Rough sets, constructed by Pawlak [18], are used as an effective method for feature selection, pattern recognition, data mining and so on. The framework consists of lower and upper approximations. This is traditionally applied to complete information tables with nominal attributes. Fruitful results are reported in various fields. However, when we are faced with real-world objects, it is often necessary to handle attributes that take a continuous value. Furthermore, objects with incomplete information ubiquitously exist in the real world. Without processing incomplete and continuous information, the information generated in the real world cannot be fully utilized. Therefore, extended versions of the rough sets have been proposed to handle incomplete information in continuous domains.
An approach handling incomplete information, which is often adopted [7, 20,21,22], is to use the way that Kryszkiewicz applied to nominal attributes [8]. This approach gives in advance the indistinguishability of objects that have incomplete information with other objects. However, it is natural that there are two possibilities for incomplete information objects. One possibility is that an object with incomplete information may have the same value as another object. That is, the two objects may be indiscernible. The other possibility is that the object may have a different value from another object. That is, they may be discernible. Giving in advance the indiscernibility corresponds to neglecting one of the two possibilities.

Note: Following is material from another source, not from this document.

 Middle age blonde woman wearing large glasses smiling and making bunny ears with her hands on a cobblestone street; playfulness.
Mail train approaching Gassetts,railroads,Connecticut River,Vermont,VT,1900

Therefore, the approach leads to loss of information and creates poor results [11, 19].
Another approach is to directly use indiscernibility relations extended to handle incomplete information [14]. Yet another approach is to use possible classes obtained from the indiscernibility relation on a set of attributes [15]. These two approaches have no computational complexity for the number of values with incomplete information. We need to give some justification to these extended approaches. It is known in discrete data tables that an approach using possible class has some justification from the viewpoint of possible world semantics [12]. We focus on an approach directly using indiscernibility relations.Footnote 1 To give it some justification, we need to develop an approach that is based on possible world semantics. The previous approaches are developed under possible tables derived from an incomplete and continuous information table. Unfortunately, an infinite number of possible tables can be generated from an incomplete and continuous information table. Possible world semantics cannot be applied to an infinite number of possible tables.

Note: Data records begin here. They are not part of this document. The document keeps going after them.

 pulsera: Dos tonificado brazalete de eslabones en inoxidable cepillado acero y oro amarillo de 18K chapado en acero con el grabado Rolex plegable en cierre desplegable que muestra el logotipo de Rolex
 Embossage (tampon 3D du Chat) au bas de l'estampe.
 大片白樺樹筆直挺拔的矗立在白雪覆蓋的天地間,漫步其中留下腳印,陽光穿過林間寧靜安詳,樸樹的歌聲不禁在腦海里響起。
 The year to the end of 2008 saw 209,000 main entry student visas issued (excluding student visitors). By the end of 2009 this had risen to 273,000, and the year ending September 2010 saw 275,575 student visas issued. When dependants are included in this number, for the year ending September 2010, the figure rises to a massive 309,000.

The starting point for a rough set is the indiscernibility relation on a set of attributes. When an information table contains values with incomplete information, we obtain lots of possible indiscernibility relations in place of the indiscernibility relation. The number is finite, even if the number of possible tables is infinite, because the number of objects is finite. We note this finiteness and develop an approach based on the possible indiscernibility relations, not the possible tables.
The paper is constructed as follows. Section 2 describes an approach directly using indiscernibility relations in a complete and continuous information table. Section 3 develops an approach applying possible world semantics to an incomplete and continuous information table. Section 4 describes rule induction in a complete and continuous information table. Section 5 address rule induction in an incomplete and continuous information table. Section 6 mentions the conclusions.

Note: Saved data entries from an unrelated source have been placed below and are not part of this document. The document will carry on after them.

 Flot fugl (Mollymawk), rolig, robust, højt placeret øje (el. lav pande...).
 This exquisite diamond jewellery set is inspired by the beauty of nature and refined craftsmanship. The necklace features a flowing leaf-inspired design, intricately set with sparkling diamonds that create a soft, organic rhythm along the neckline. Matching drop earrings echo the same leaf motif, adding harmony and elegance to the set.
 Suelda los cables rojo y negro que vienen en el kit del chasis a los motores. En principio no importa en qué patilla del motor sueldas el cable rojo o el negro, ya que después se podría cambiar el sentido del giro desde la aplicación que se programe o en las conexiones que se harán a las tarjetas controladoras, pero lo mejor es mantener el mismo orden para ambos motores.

2 Rough Sets by Directly Using Indiscernibility Relations in Complete and Continuous Information Systems
A continuous data set is represented as a two-dimensional table, called a continuous information table. In the continuous information table, each row and each column represent an object and an attribute, respectively. A mathematical model of an information table with complete and continuous information is called a complete and continuous information system. The complete and continuous information system is a triplet expressed by \((U,AT,\{D(a) \mid a \in AT \})\). U is a non-empty finite set of objects, which is called the universe. AT is a non-empty finite set of attributes such that \(a : U \rightarrow D(a)\) for every \(a \in AT\) where D(a) is the continuous domain of attribute a.
We have two approaches for handling continuous values. One approach is to discretize a continuous domain into disjunctive intervals in which objects are considered as indiscernible [4]. How to discretize has a heavy influence over results. The other approach is to use neighborhood [10]. The indiscernibility of two objects is derived from the distance of the values that characterize them. A threshold is given, which is the indiscernibility criterion. When the distance between two objects is less than or equal to the threshold, they are considered as indiscernible. As the threshold changes, the results change gradually. Therefore, we take the neighborhood-based approach.
Binary relation \(R_{A}\)Footnote 2 that represents the indiscernibility between objects on set \(A \subseteq AT\) of attributes is called the indiscernibility relation on A:
where A(o) is the value sequence for A of object o and \((|A(o) - A(o')| \le \delta _{A}) = (\wedge _{a \in A} |a(o) - a(o')| \le \delta _{a})\) and \(\delta _{a}\)Footnote 3 is a threshold indicating the range of indiscernibility between a(o) and \(a(o')\).
Proposition 1
If \(\delta 1_{A} \le \delta 2_{A}\), equal to \(\wedge _{a \in A}(\delta 1_{a} \le \delta 2_{a})\), then \(R_{A}^{\delta 1_{A}} \subseteq R_{A}^{\delta 2_{A}}\), where \(R_{A}^{\delta 1_{A}}\) and \(R_{A}^{\delta 2_{A}}\) are the indiscernibility relations with thresholds \(\delta 1_{A}\) and \(\delta 2_{A}\), respectively and \(R_{A}^{\delta 1_{A}} = \cap _{a \in A} R_{a}^{\delta 1_{a}}\) and \(R_{A}^{\delta 2_{A}}= \cap _{a \in A} R_{a}^{\delta 2_{a}}\).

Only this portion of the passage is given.